Exercise data section start

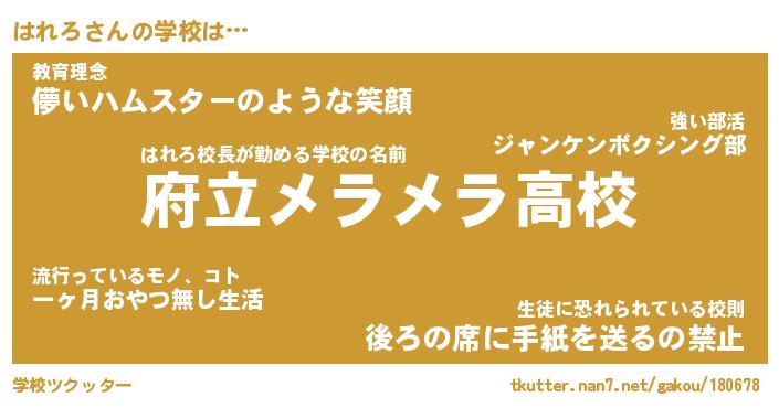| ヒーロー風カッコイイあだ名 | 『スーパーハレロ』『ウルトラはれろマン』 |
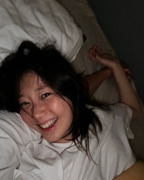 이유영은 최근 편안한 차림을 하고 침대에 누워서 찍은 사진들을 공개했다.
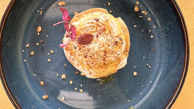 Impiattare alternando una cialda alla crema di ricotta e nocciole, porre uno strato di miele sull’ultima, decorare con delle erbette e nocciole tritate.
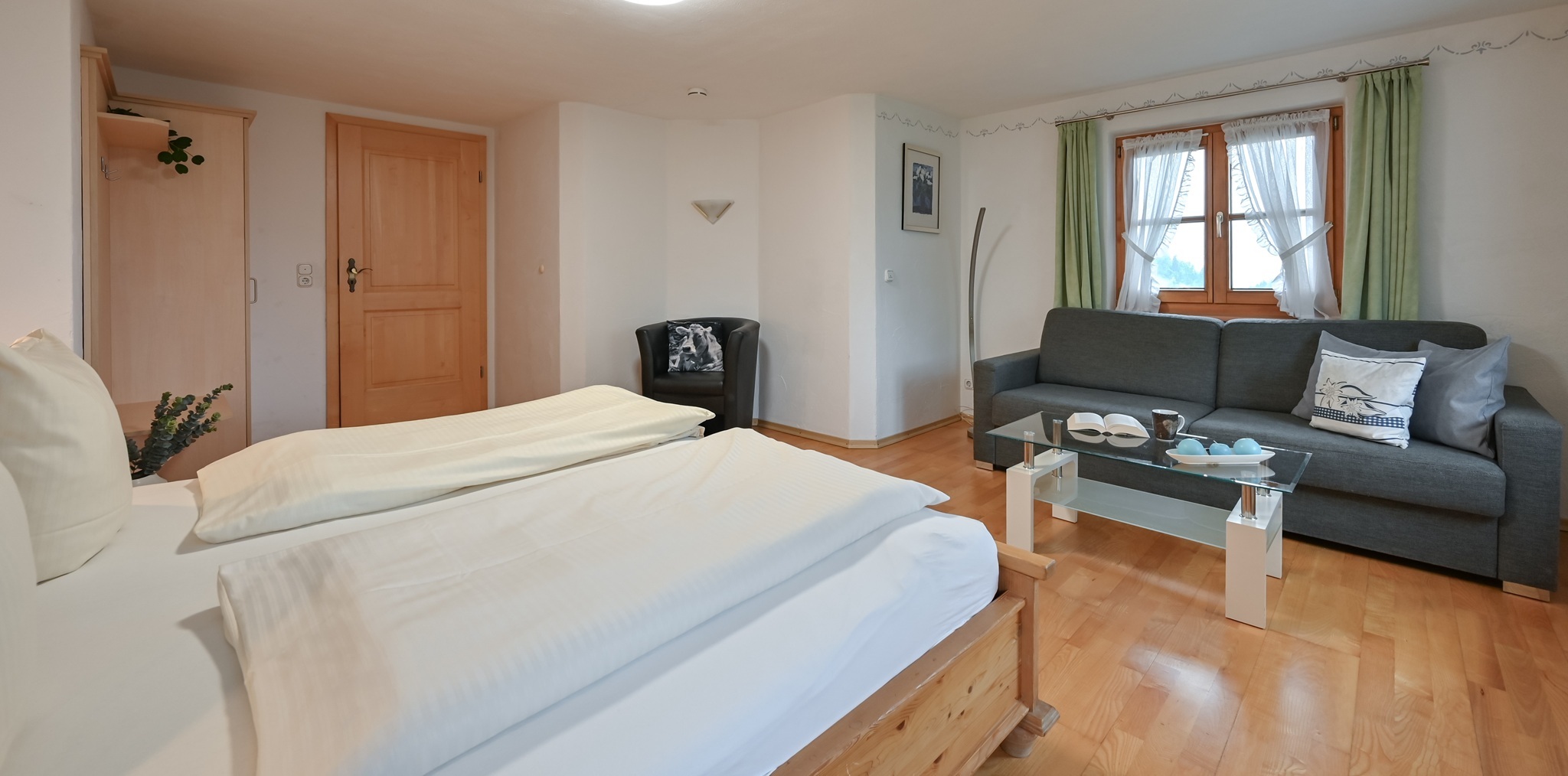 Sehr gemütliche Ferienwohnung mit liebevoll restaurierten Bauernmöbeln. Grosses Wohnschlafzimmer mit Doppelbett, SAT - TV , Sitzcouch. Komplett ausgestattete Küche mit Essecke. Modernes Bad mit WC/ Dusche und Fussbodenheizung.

Exercise data section end

[Task]:
Each line from the one that holds "이유영은 최근 편안한 차림을 하고 침대에 누워서 찍은 사진들을 공개했다." through the end of the material should be repeated exactly, and nothing more. Leave out any picture.

[Response]:
 이유영은 최근 편안한 차림을 하고 침대에 누워서 찍은 사진들을 공개했다.
 Impiattare alternando una cialda alla crema di ricotta e nocciole, porre uno strato di miele sull’ultima, decorare con delle erbette e nocciole tritate.
 Sehr gemütliche Ferienwohnung mit liebevoll restaurierten Bauernmöbeln. Grosses Wohnschlafzimmer mit Doppelbett, SAT - TV , Sitzcouch. Komplett ausgestattete Küche mit Essecke. Modernes Bad mit WC/ Dusche und Fussbodenheizung.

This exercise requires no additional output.